Collected data entries

>>>

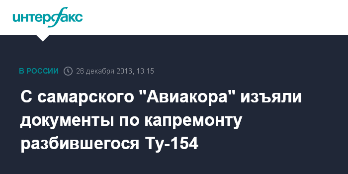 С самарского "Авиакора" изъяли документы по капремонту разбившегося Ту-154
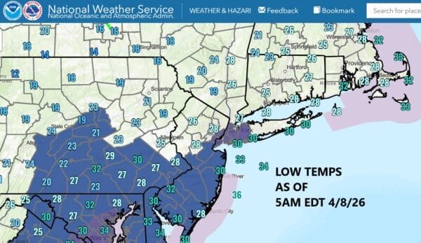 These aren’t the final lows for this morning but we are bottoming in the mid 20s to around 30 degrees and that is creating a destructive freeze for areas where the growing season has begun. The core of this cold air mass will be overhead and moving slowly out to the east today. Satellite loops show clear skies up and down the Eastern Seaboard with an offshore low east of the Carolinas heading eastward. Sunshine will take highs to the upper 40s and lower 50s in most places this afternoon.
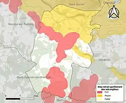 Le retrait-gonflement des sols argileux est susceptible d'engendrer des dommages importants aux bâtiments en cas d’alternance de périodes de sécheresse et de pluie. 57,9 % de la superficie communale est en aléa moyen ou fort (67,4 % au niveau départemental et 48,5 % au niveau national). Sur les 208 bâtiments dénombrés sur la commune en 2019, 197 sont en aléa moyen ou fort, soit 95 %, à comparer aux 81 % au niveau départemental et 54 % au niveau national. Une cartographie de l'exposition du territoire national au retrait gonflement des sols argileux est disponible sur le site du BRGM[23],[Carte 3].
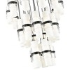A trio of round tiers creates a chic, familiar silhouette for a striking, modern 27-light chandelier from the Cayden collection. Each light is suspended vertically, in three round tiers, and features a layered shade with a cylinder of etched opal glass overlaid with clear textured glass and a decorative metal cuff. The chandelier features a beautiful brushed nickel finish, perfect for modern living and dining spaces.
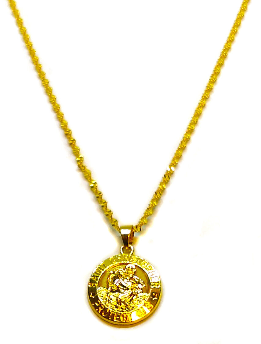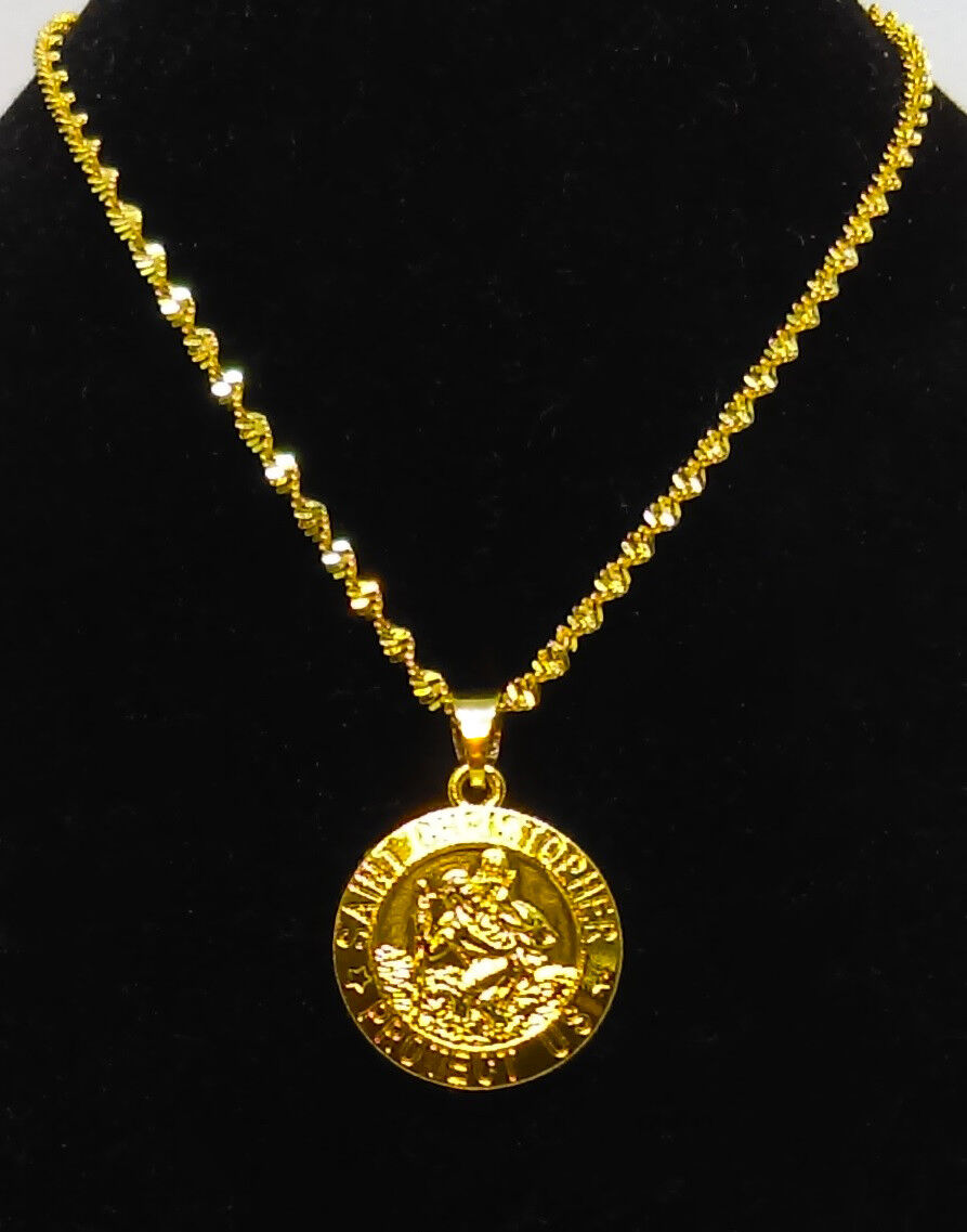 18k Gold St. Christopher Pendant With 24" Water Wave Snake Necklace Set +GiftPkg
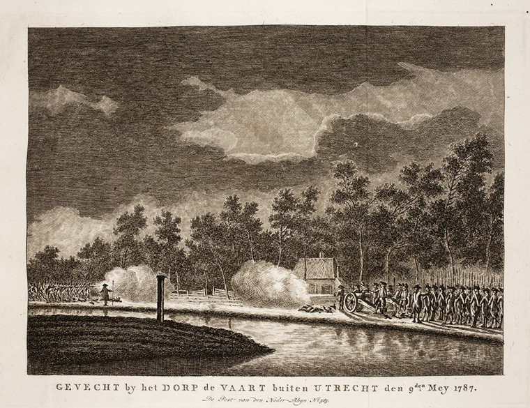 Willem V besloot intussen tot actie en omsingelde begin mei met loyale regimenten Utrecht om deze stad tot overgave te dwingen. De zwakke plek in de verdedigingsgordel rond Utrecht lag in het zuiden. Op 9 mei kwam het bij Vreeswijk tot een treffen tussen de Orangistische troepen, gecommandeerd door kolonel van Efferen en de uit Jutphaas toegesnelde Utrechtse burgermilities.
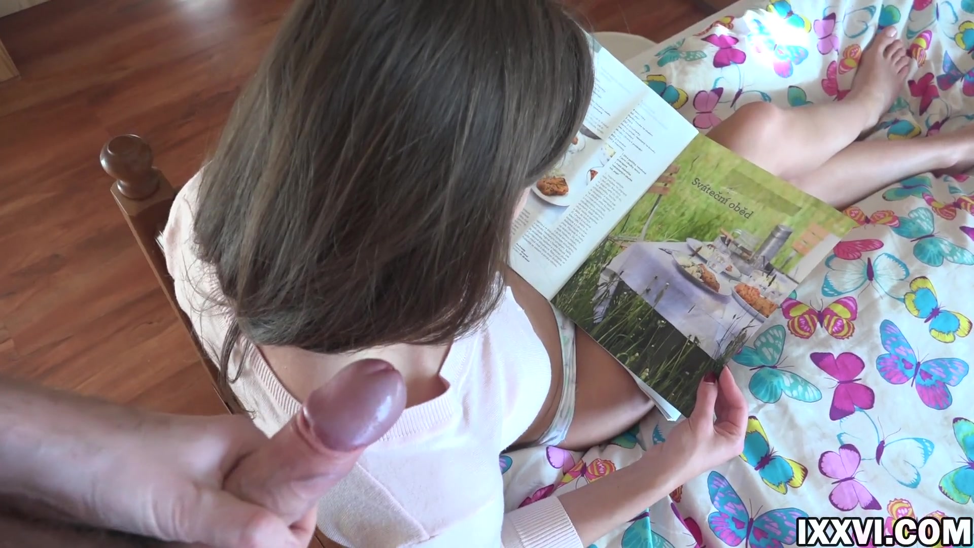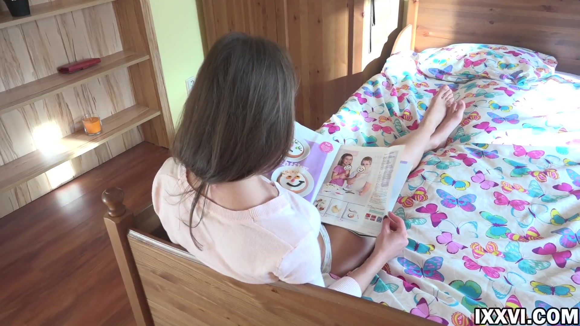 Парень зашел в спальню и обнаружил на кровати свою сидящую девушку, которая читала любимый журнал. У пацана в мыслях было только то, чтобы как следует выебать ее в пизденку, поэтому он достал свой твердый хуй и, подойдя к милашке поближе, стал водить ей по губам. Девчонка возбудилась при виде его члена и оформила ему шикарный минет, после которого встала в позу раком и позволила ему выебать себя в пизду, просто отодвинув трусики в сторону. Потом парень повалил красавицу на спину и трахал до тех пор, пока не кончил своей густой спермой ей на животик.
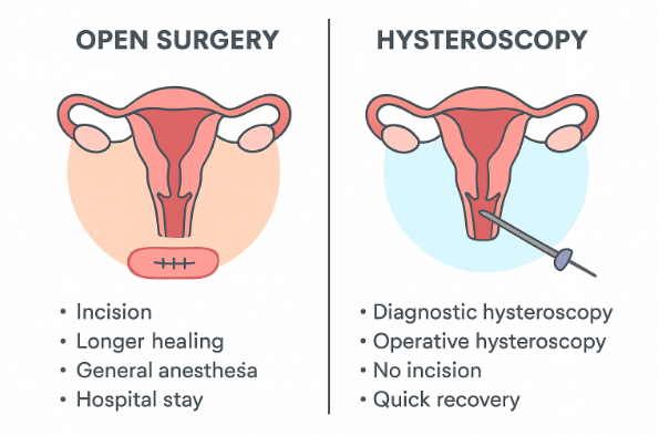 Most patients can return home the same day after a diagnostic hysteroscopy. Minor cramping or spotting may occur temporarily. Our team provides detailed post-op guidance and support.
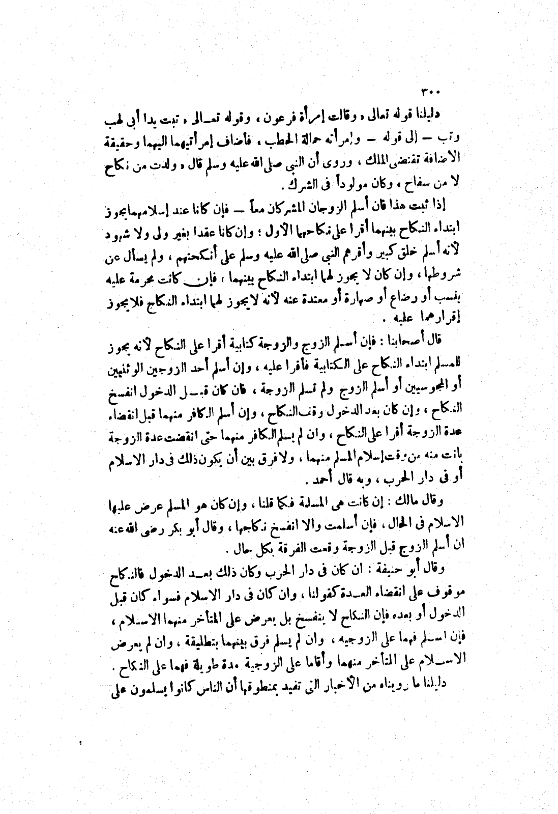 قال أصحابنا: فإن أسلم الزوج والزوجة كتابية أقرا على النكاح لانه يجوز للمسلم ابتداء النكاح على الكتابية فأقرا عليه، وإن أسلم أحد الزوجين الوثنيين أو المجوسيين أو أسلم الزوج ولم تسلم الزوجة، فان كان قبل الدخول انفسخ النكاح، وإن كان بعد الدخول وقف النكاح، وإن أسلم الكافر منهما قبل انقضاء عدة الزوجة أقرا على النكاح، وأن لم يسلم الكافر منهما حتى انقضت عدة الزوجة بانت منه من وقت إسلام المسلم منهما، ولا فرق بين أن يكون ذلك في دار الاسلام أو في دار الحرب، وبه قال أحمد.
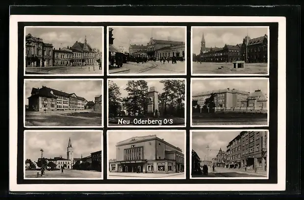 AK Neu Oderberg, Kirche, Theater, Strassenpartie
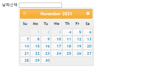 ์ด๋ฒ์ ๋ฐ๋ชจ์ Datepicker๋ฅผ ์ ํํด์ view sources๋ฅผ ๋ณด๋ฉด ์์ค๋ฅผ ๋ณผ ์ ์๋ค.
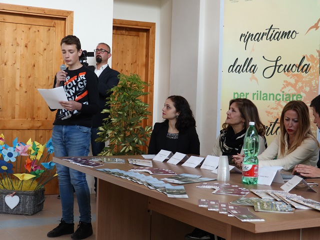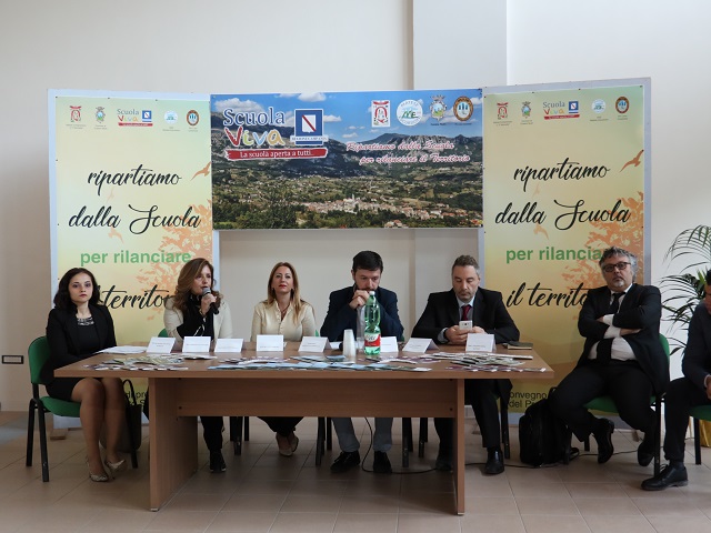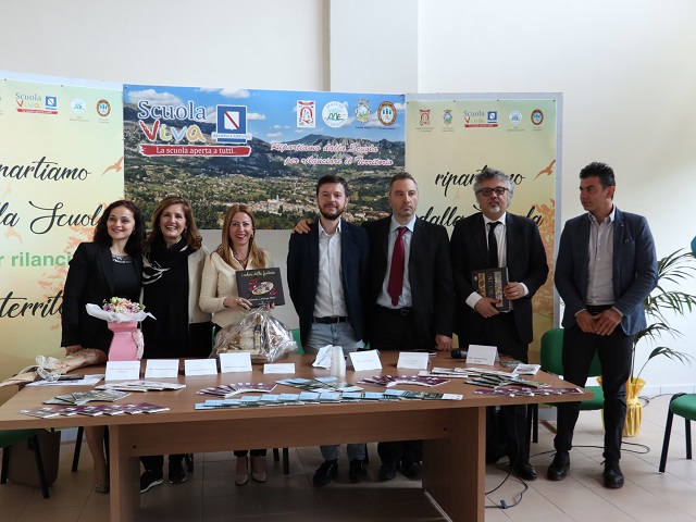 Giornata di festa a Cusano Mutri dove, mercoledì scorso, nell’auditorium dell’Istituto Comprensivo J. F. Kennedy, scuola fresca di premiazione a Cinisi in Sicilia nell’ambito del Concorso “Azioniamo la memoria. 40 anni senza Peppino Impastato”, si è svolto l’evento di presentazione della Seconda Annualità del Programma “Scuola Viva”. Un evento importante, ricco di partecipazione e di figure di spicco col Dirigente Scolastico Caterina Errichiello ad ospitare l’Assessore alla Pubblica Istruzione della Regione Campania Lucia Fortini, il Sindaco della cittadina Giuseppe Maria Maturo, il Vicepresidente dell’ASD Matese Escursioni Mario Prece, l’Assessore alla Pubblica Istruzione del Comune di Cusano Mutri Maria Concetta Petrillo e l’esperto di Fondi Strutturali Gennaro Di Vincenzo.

<<<

- _Task instructions_
Write out exactly the lines above between the one with "Парень зашел в" and the one with "Most patients can", inclusive, with pictures left out.

- _Exercise response_
 Парень зашел в спальню и обнаружил на кровати свою сидящую девушку, которая читала любимый журнал. У пацана в мыслях было только то, чтобы как следует выебать ее в пизденку, поэтому он достал свой твердый хуй и, подойдя к милашке поближе, стал водить ей по губам. Девчонка возбудилась при виде его члена и оформила ему шикарный минет, после которого встала в позу раком и позволила ему выебать себя в пизду, просто отодвинув трусики в сторону. Потом парень повалил красавицу на спину и трахал до тех пор, пока не кончил своей густой спермой ей на животик.
 Most patients can return home the same day after a diagnostic hysteroscopy. Minor cramping or spotting may occur temporarily. Our team provides detailed post-op guidance and support.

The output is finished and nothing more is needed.